[
https://issues.apache.org/jira/browse/LUCENE-6712?page=com.atlassian.jira.plugin.system.issuetabpanels:all-tabpanel
]
Nicholas Knize updated LUCENE-6712:
-----------------------------------
Attachment: LUCENE-6712.patch
Awesome! Thanks for the review Mike! Updated patch to address comments is
attached.
bq. this is mixing up separate changes I think? One change is cutover to doc
values for the point filtering of each lat/lon, and the other is changing the
lower detail level and higher prec step?
Indeed. The former gives search performance improvements, the latter gives
indexing performance improvements. I can split these into 2 patches if desired?
That way we can separately investigate the impact of changing the precision
value?
bq. Shouldn't you iterate through all values and accept the docs if any of them
were in-bounds?
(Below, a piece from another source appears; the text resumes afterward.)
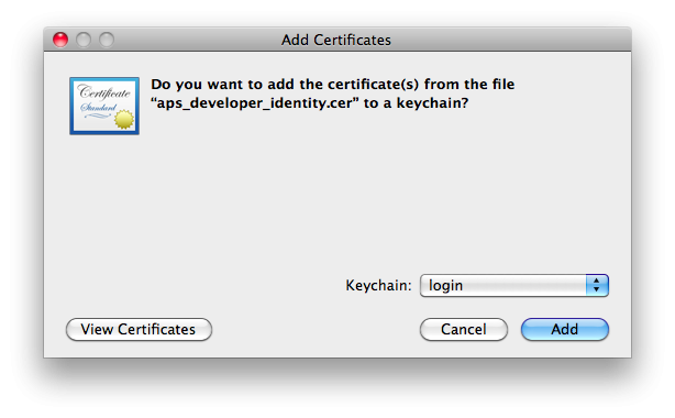 The first thing you need to do, if you haven't done it already, is to double-click the downloaded certificate (it should be named aps_developer_identity.cer) in the Finder and click "Add" to add it to your keychain. Note: You need to add the certificate to the same keychain that contains the public and private keys generated by the certificate signing request in the previous installment.

Can you add a test case that exposes this?
++ Thanks for pointing that out! I had intended to change that. Fixed in the
attached patch - I also added explicit multi-valued documents and testing to
cover this. Random multi-valued documents would be nice, though I don't think
it blocks the patch?
bq. Couldn't GeoPointTermsEnum just have an abstract acceptLatLon method?
++ I had gone back and forth about this a couple times. With DV post filtering
it makes more sense to now have GeoPointTermsEnum be abstract with an abstract
postFilter method. Before, most of the logic was shared, only crosses and
within were fully overridden in Poly and Distance query classes. I went ahead
and made the change in the attached patch.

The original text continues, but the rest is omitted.